I applied the patch to gdevpsf2.c and can confirm that it fixes the problem for me.
At least for now, I have a PS-based workflow. It was only a coincidence in this example that a PDF input came from an external source, and I tried converting the output to PDF for email.
>For reasons best known to itself, the Poppler PostScript output moves the FontMatrix from the CFF font to the CIDFont, and replaces the FontMatrix of the CFF font with the identity matrix.
Is that worth changing in poppler?
grepping for FontMatrix in poppler, it has a number of places where it writes "/FontMatrix [1 0 0 1 0 0] def\n".

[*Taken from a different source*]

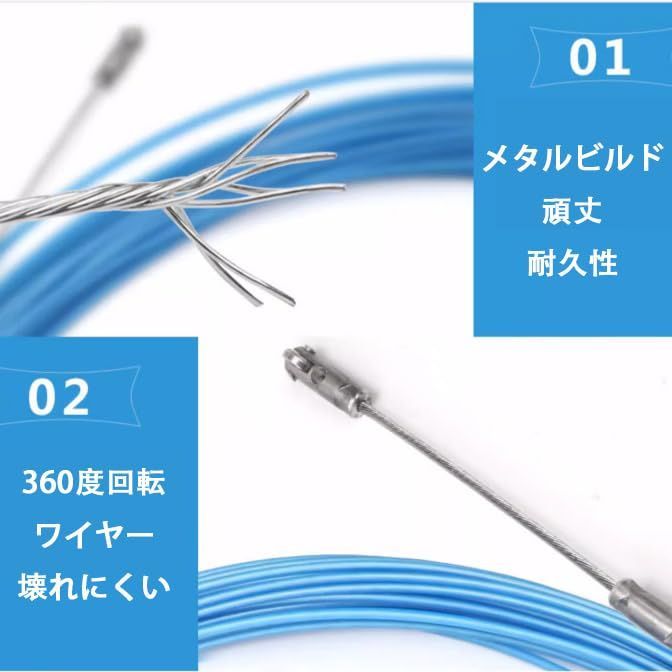 1.【パッケージ内容】10m通線 ワイヤー *1 、索引するリード線*2 2.【材質】PET樹脂+ステンレス、双線ツイストタイプの外に防水性に優れているPET樹脂に被られていて、防水性、耐久性、強靭、押しに強い、剛直性に優れている通線ワイヤーです。 3.【操作しやすい】手が届きやすく、シンプルな操作でとても便利です。 スリムなヘッドで配線もスムーズに行え、配線作業もスムーズに行えます。 4.【取扱いが容易で】簡単な作業の時にはササっともっていけるので非常に重宝します。 5.【剛直性抜群】押し込み作業中に押したわみが少なく、ツイスト形状のため点接触で摩擦によるロスを減少し、先端まで力が加わり長尺曲がりもよく通ります。ご注意:過度な折り曲げはしないで下さい。
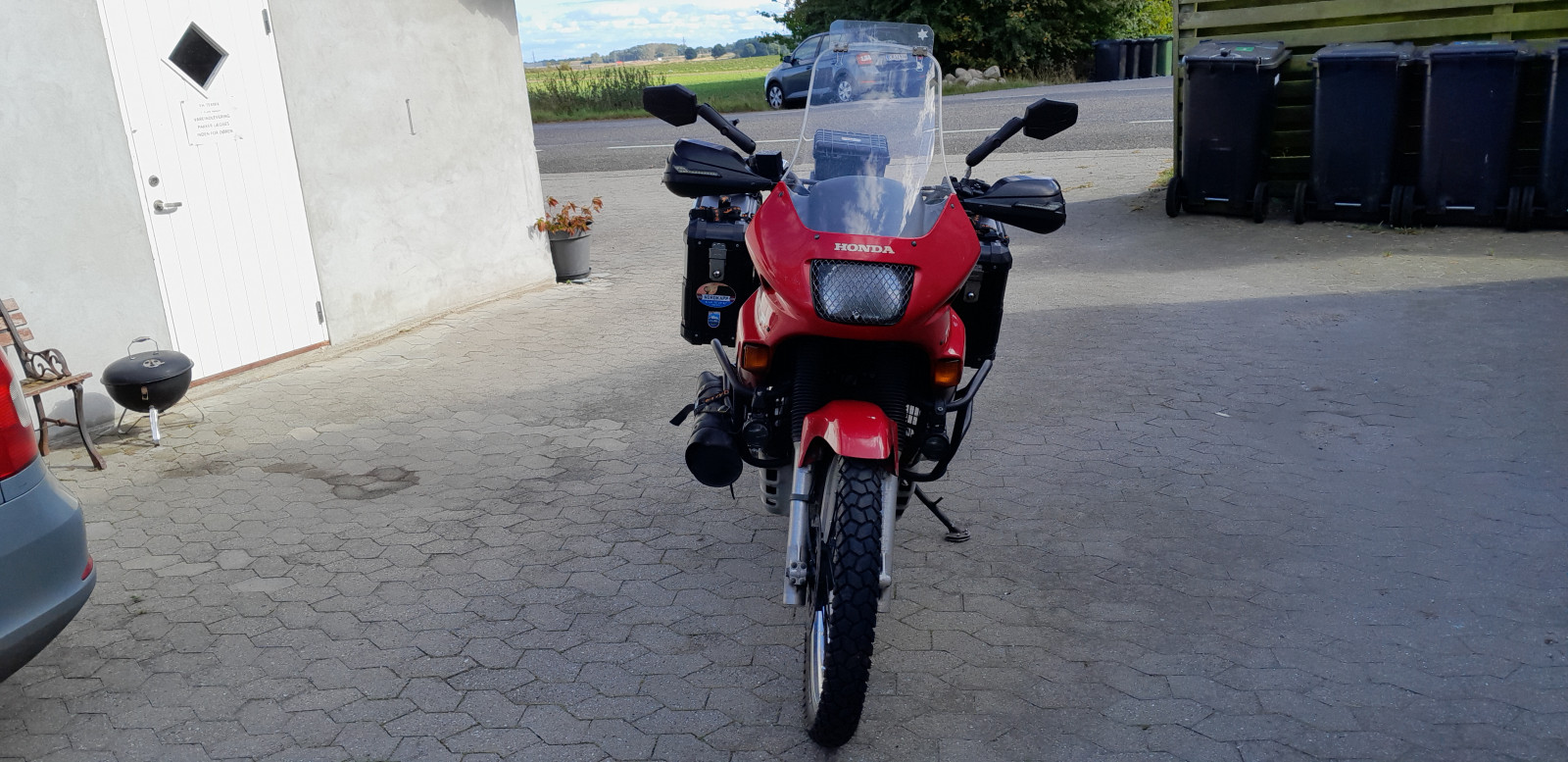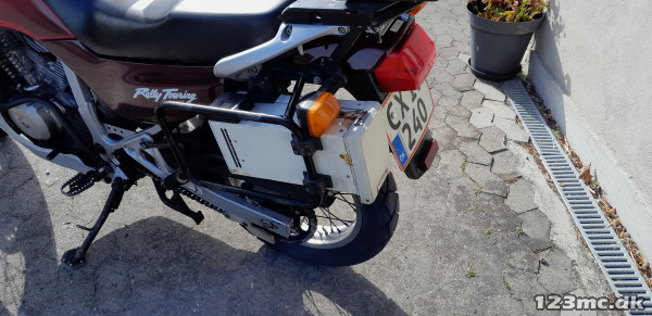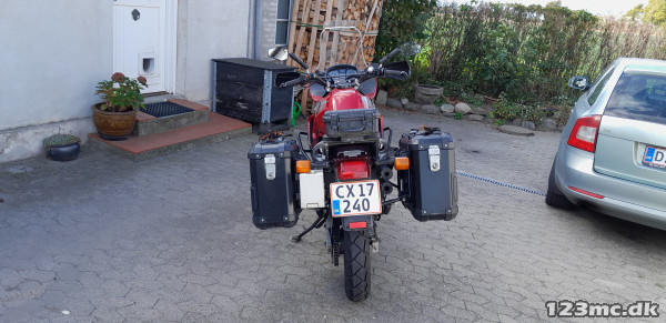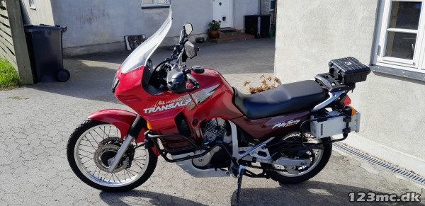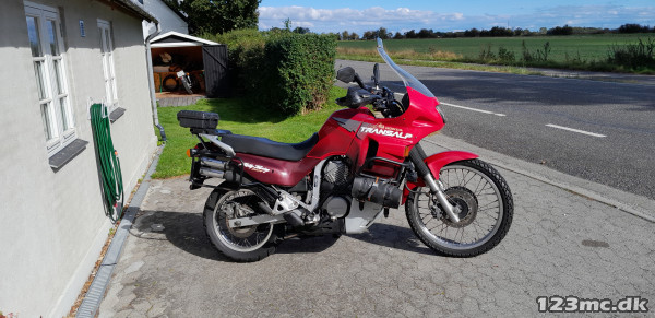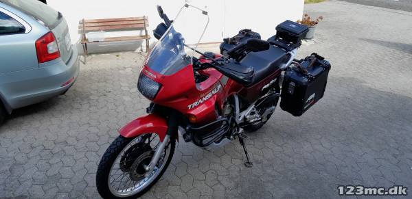 Fin Trans Alp med tasker og temperatur styret køleskab (medicin) eller drikkelse :-), serviceret og vedligeholdt, lys i handguards + ekstralys på styrtbøjle, gode dæk, kæde og tandhjul, forskellige gearinger og sort glasfiber vindskærm medfølger

(In reply to William Bader from comment #8) > Is that worth changing in poppler? Its not incorrect. Its unusual but its perfectly valid. Given how complicated the inheritance of Font Matrices is with CIDFonts and CFF CIDFonts in PostScript I would be very wary of attempting to change it. > grepping for FontMatrix in poppler, it has a number of places where it > writes "/FontMatrix [1 0 0 1 0 0] def\n". Which is also valid. As long as the matrix algebra all works out there's nothing intrinsically wrong with writing the identity matrix at any point. Changing any of those would mean following the whole code path and as I tried to say in my comment, this is a very complicated area. Not helped by having PostScript and PDF differ :-( I'd be very wary of trying to change anything, especially since there's nothing actually wrong with the output as it stands. Thanks for the reply. I won't touch poppler. |